Exception generation is another area that I have tried to put a little time into making it more sensible. In the earlier releases I have been creating exception classes as needed and ended up with a lot of them being used only once or twice. Again, work is far from over but reduction in the number of exception classes thrown and better notification of what went wrong is the goal. Introduction of error codes in each exception class so that caller can determine if it is fatal or recoverable (as most SNMP exceptions on a network manager are) should help.

At this point, I expect I’ll take TripleDES, AES-192 and AES-256 privacy classes completely out of the next release and target to re-introduce them later down the road when I have the time to finish implementing them. I work on the library away from agents that support these protocols so I am finding it very hard to find the time to spend in a lab testing code with all the other obligations I have. If you have a project that absolutely depends on these privacy protocols being implemented, let me know and I’ll see what I can do to speed things out but for now this functionality is out.

Check back often and look out for library release 0.5 no later then a month from now. This release will be the first “real” beta with all functionality included and tested as much as possible in the lab environment. This is where I’ll start doing the real world testing with the applications that are in the pipeline.

SNMP Version 3 TRAPs and INFORMs

I finally managed to figure out proper handling of TRAP and INFORM packets with SNMP version 3.

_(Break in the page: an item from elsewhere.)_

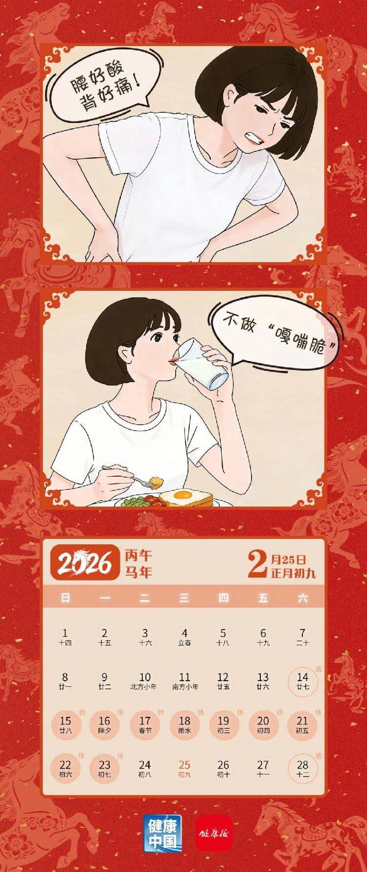 骨骼健康:继续保持强大的力量。马年小目标:通过每天的营养、锻炼和充足的阳光照射来维持骨量。新的一年,在日常生活中要多加小心。步骤一:遵循正确的饮食习惯。建议增加牛奶及乳制品的摄入量,多吃富含钙和维生素D的食物,少喝或不喝含糖饮料。第二步:科学练习。锻炼时注意自己的姿势以避免受伤,照顾好全身的骨骼和关节,让身体保持更长时间的活动。儿童青少年应保持良好的姿势和姿势,减少久坐,增加体力活动。建议您每天至少进行60分钟的中等到剧烈运动,每周至少进行3次力量训练或户外活动。中老年人应增强肌肉力量,进行平衡训练锻炼时要注意在安全、平坦的环境中进行,以免摔倒、骨折。第三步:定期检查。如果您超过 50 岁,我们建议您每年进行一次骨密度测试。 65岁以上的女性和70岁以上的男性应将骨密度检测纳入定期健康检查中。来源:公共卫生杂志 审稿:国家健康科普专家库成员、北京大学骨科主任医师孙浩林 规划第一医院:王宁 于云熙 制图:王俊科 编辑:王成峰 陈秀超

Turns out the SnmpV3Packet.decode function will not be sufficient because it attempts to authorize and un-encrypt the packet. With notification packet types we need to look-ahead into the packet to determine the values required to perform these operations. Values needed are part of the USM header, EngineId, SecurityName (or user name), EngineBoots and EngineTime.

To be able to do a lookup of the required values prior to full packet decode, authentication and privacy processing, I have added SnmpV3Packet.GetUSM method that performs a partial packet decode and returns UserSecurityModel class containing values in the header that we need to proceed. As part of the GetUSM parsing, required values are set in the SnmpV3Packet class so the only additional step needed to finalize the packet decoding is lookup of the security parameters for the EngineId/SecurityName combination (that should be stored by the application) and setting the appropriate AuthenticationProtocol, PrivacyProtocol and secrets for both so that packet can be decoded.

In other words, once you receive a packet you will call SnmpV3Packet.GetUSM and retrieve UserSecurityModel class. Using EngineId and SecurityName and match them with the authentication and privacy settings you have stored for each SNMP agent, set the appropriate Authentication, AuthenticationSecret, Privacy and PrivacySecret values and then call SnmpV3Packet.decode to process the packet.